_WHAT YOU ARE ASKED TO DO:_ Would you retype the whole listing verbatim, keeping pictures out of it?
━━ DATA SHOWN
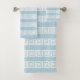 Elegant White Greek Pattern on Light Blue Bath Towel Set
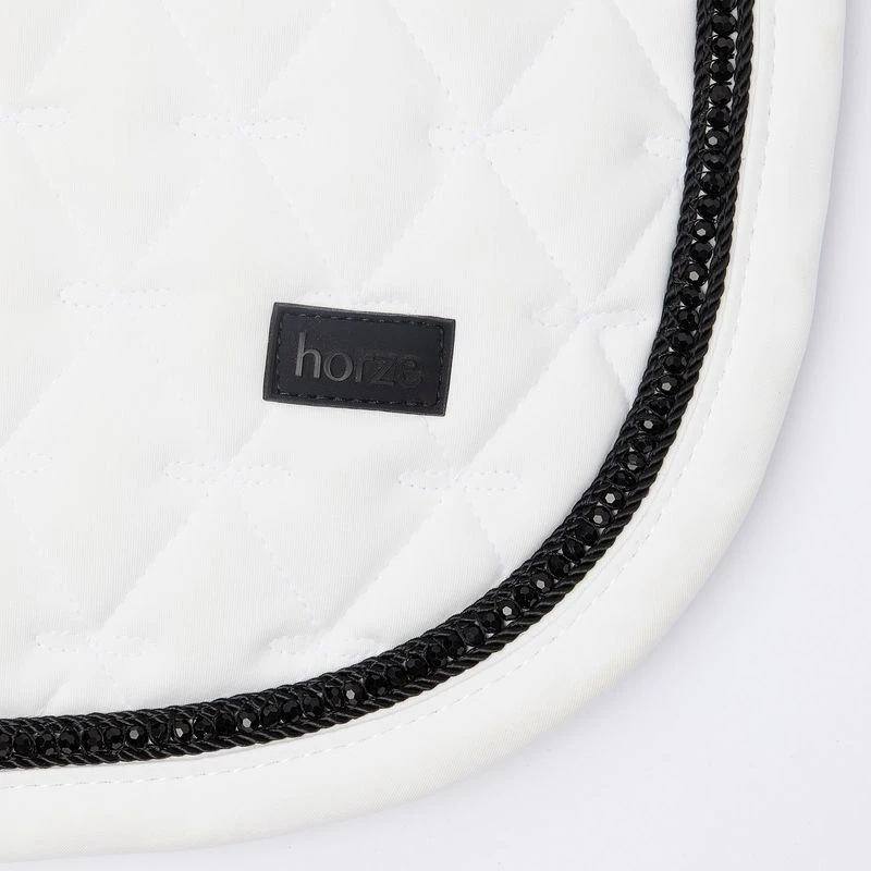 The Horze Noir Saddle Pad is designed with a soft polyester outer featuring elegant diamond quilting to relieve pressure beneath the saddle. Waffle lining wicks away any moisture with straps that attach easily to your saddle. Two rows of pretty cord and a row of shiny pearls around the edges add a touch of luxury to this all-purpose saddle pad. Combine it with the rest of the Horze Noir line for a full look.
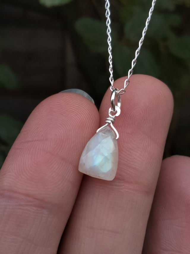All sterling silver with genuine Rainbow Moonstone on an 18" chain.
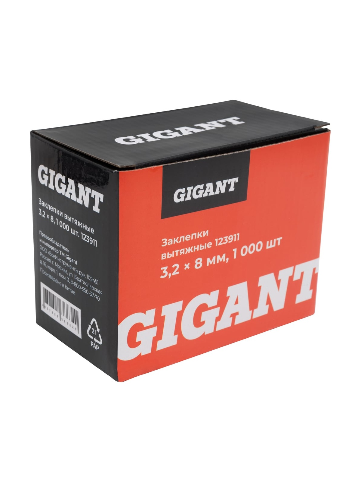 Заклепки вытяжные Gigant 123911 размером 3,2x8 мм представляют собой надежное решение для соединения различных материалов. В упаковке содержится 1000 штук, что обеспечивает длительное использование без необходимости частого пополнения запасов. Гильза заклепок изготовлена из алюминия, что гарантирует легкость и устойчивость к коррозии. Диаметр заклепок составляет 3,2 мм, а длина гильзы - 8 мм, что делает их подходящими для соединения материалов с толщиной от 3,5 до 5,5 мм.
━━━━
_ANSWER FOR THE TASK:_
 Elegant White Greek Pattern on Light Blue Bath Towel Set
 The Horze Noir Saddle Pad is designed with a soft polyester outer featuring elegant diamond quilting to relieve pressure beneath the saddle. Waffle lining wicks away any moisture with straps that attach easily to your saddle. Two rows of pretty cord and a row of shiny pearls around the edges add a touch of luxury to this all-purpose saddle pad. Combine it with the rest of the Horze Noir line for a full look.
All sterling silver with genuine Rainbow Moonstone on an 18" chain.
 Заклепки вытяжные Gigant 123911 размером 3,2x8 мм представляют собой надежное решение для соединения различных материалов. В упаковке содержится 1000 штук, что обеспечивает длительное использование без необходимости частого пополнения запасов. Гильза заклепок изготовлена из алюминия, что гарантирует легкость и устойчивость к коррозии. Диаметр заклепок составляет 3,2 мм, а длина гильзы - 8 мм, что делает их подходящими для соединения материалов с толщиной от 3,5 до 5,5 мм.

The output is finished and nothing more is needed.